Functional debug of the AI Engine kernels typically involves running the x86 simulator in Vitis. This is a simulator that can be used extensively for functional debug, though care must be taken since it does not keep track of program memory size. More information around the options available and methods to run the x86 simulator can be found in this link in the AI Engine Tools and Flows User Guide (UG1076).
Functional debug of the AI Engine kernels can also be performed using the aiesimulator in Vitis. This is a cycle approximate simulator that can be used extensively for functional debug. It models the Versal device including the NoC, PS, and PL components using SystemC. You can use the built-in debugger to step through the AI Engine source code as well to further debug design functionality. printf capability is also available, though it might impact the program memory size, which is tracked by the aiesimulator. The Vitis IDE has a debug view which displays registers, variables, available breakpoints, variables to register/memory mapping, internal/external memory contents, disassemble view for instruction, and an instruction pipeline (pipeline view) for a single AI Engine kernel.
Because the aiesimulator is also cycle approximate, it is possible to do extensive performance debug of the design. The simulator offers profiling and event trace capability, which can be used to analyze stalls and root cause performance issues in the design.
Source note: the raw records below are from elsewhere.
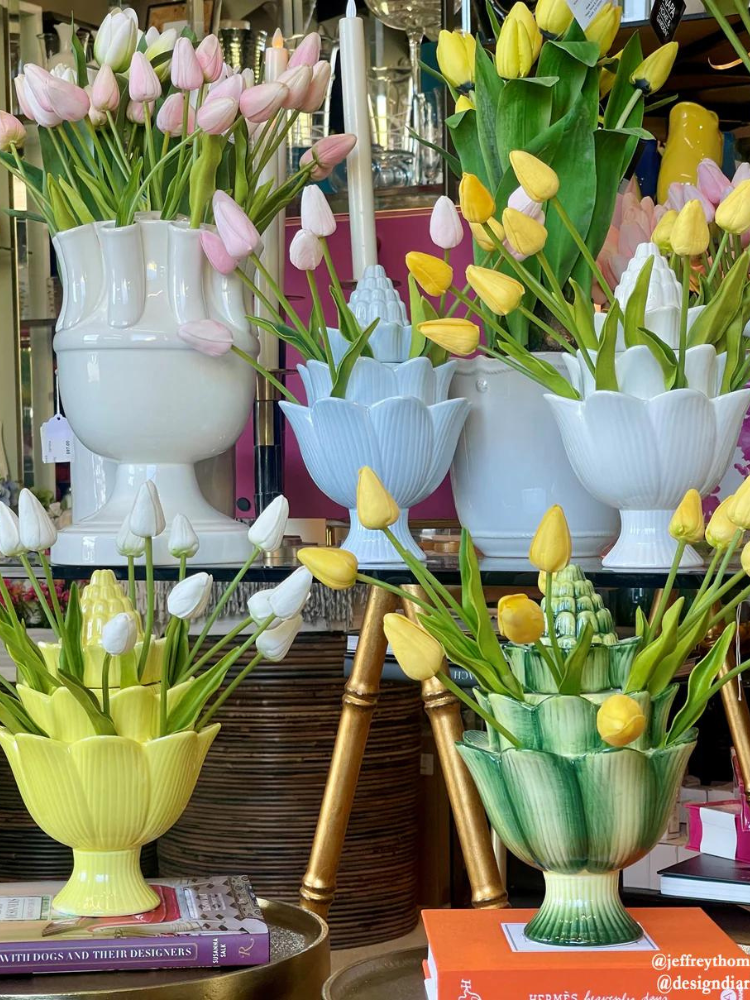 Tulipieres are self-arranging floral vessels.  Dating to the early 17th century, tulipieres were designed to display the blooms of prized tulip bulbs. Hand painted.
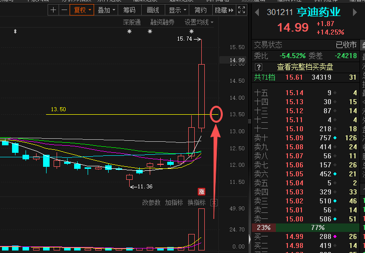 这票里画线的位置太远,除非大盘特别差,否则一天不好到达到13.50左右,所以用一两天回踩就完美了
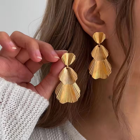 Hợp kim vàng Hoa Tai Dài Ginkgo lá tua Bông tai chất lượng cao phóng đại Hoa đồ trang sức thời trang thả bông tai
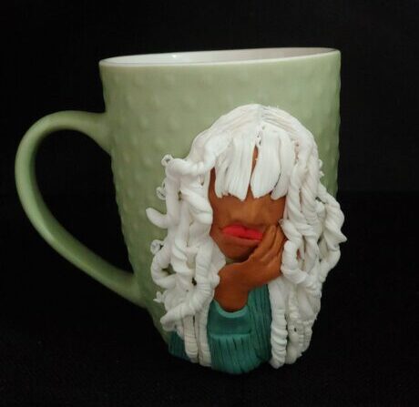 Her crown is her silver-white locs, worn proudly with grace. This mug pays tribute to
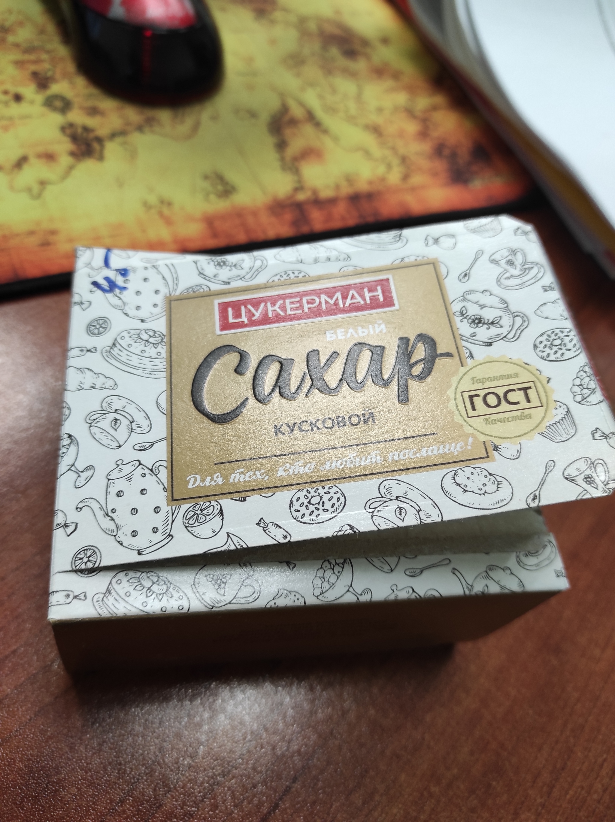По работе сегодня пришлось помотаться по городу. Вроде все дела сделал, нужно ехать в офис. Да и кофейку бы не помешало уже. Тут вспоминаю, что сахар в офисе закончился. Ага, нужно купить. Как раз рядом магазинчик продуктовый. Зашёл, купил первую попавшуюся пачку рафинада. Приезжаю в офис, девочки как раз чайник согрели. Достаю сахар - хмм, не видал такого ещё. И название-то какое еврейское.
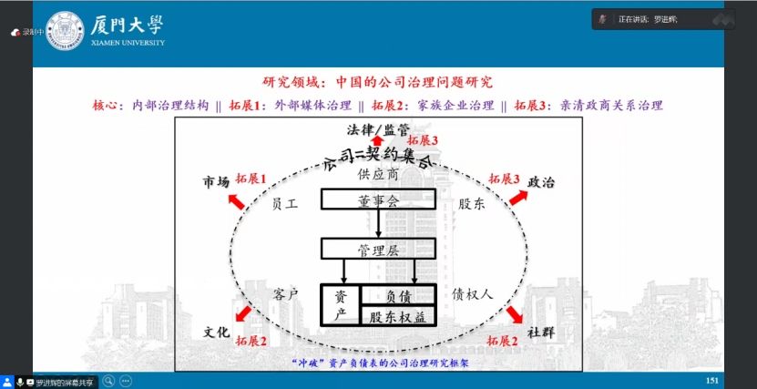 接着,罗进辉教授再从公司制企业的现代企业制度展开讲述公司治理的治理对象以及其存在的重要意义。现代公司制企业有四个主要特点:法人资格、有限责任、股份化、经理人的职业化。罗进辉教授用案例解释公司制企业由其特性而带来的正反两面性,循序渐进引出公司治理重要意义。随后,罗进辉教授便从这四个方面具体展开,强调公司治理的研究框架正是围绕着公司制企业的这几个主要矛盾展开,同时结合自己的研究思路,逐步厘清公司治理现有研究的热点话题的由来,梳理公司治理研究的脉络框架,为同学们指明寻找研究方向的思路。
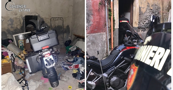 Catania - Il proprietario di una moto BMW di grossa cilindrata stava ancora sporgendo denuncia ai carabinieri per il furto del mezzo, avvenuto poco prima in via Fiorentino, quando una pattuglia in moto del Nucleo Radiomobile del Comando Provinciale di Catania, sentita la nota di ricerca diramata dalla Centrale Operativa, si è immediatamente recata nella zona del furto. Dopo diversi giri eseguiti nelle vie limitrofe, i militari, percorrendo la via Petriera, si sono accorti che, dinanzi una abitazione in stato di abbandono posta al piano terra, era stata creata ad arte una sorta di rampa per facilitare l’ingresso nell’immobile, dei mezzi a due ruote. E’ bastato accedervi per scoprire che lo stesso era stato adibito a deposito per motocicli rubati. Difatti, oltre alla BMW rubata poco prima in via Fiorentino, i militari hanno rinvenuto uno scooter Honda SH 300, rubato nei giorni scorsi in via Ammiraglio Caracciolo, nonchè diversi accessori da moto (bauletti, specchietti e pneumatici). I mezzi sono stati restituiti ai legittimi proprietari.

In addition, the aiesimulator also has options that can be used to detect and report any out of bounds access violations in the kernel code. More information around the options available and methods to run the aiesimulator can be found in this link in the AI Engine Tools and Flows User Guide (UG1076).
When the AI Engine kernel is integrated into the rest of the Versal device using a Versal platform via V++, you can run the hardware emulator. This emulator is cycle accurate and can simulate PL logic either using RTL or SystemC simulation models. This simulation step should be performed after the v++ link step, with the “hw_emu” target specified to the v++ link command line. It is also possible to debug the AI Engine kernel using the debugger and stepping through both the kernel code and PS host code. This step uses QEMU to simulate the PS and a SystemC simulation model of the NoC. More information around the options available and methods to run the hardware emulator can be found in the following:
- See this link in the AI Engine Tools and Flows User Guide (UG1076)
- See this link in the AI Engine Tools and Flows User Guide (UG1076)
When you are ready to take the design to hardware, you have a variety of debugging and profiling tools at your disposal. You can obtain profiling data when you run your design in hardware using run time event APIs in your PS host code, or using performance counters built into the hardware using a compile time option. Analyzing this data helps you gauge the efficiency of the kernels, the stall and active times associated with each AI Engine, and pinpoint the AI Engine kernel whose performance might not be optimal. This also allows you to collect data on design latency, throughput, and bandwidth. Detailed heatmaps and histograms of the profile are available in the Vitis Analyzer tool. More information around the options available and methods to analyze design performance in hardware can be found in this link in the AI Engine Tools and Flows User Guide (UG1076).
You can also debug the AI Engine kernel source in hardware. This can help debug functional issues in hardware. More information on running the debugger in Vitis IDE and the various features associated with it can be found in this link in the AI Engine Tools and Flows User Guide (UG1076).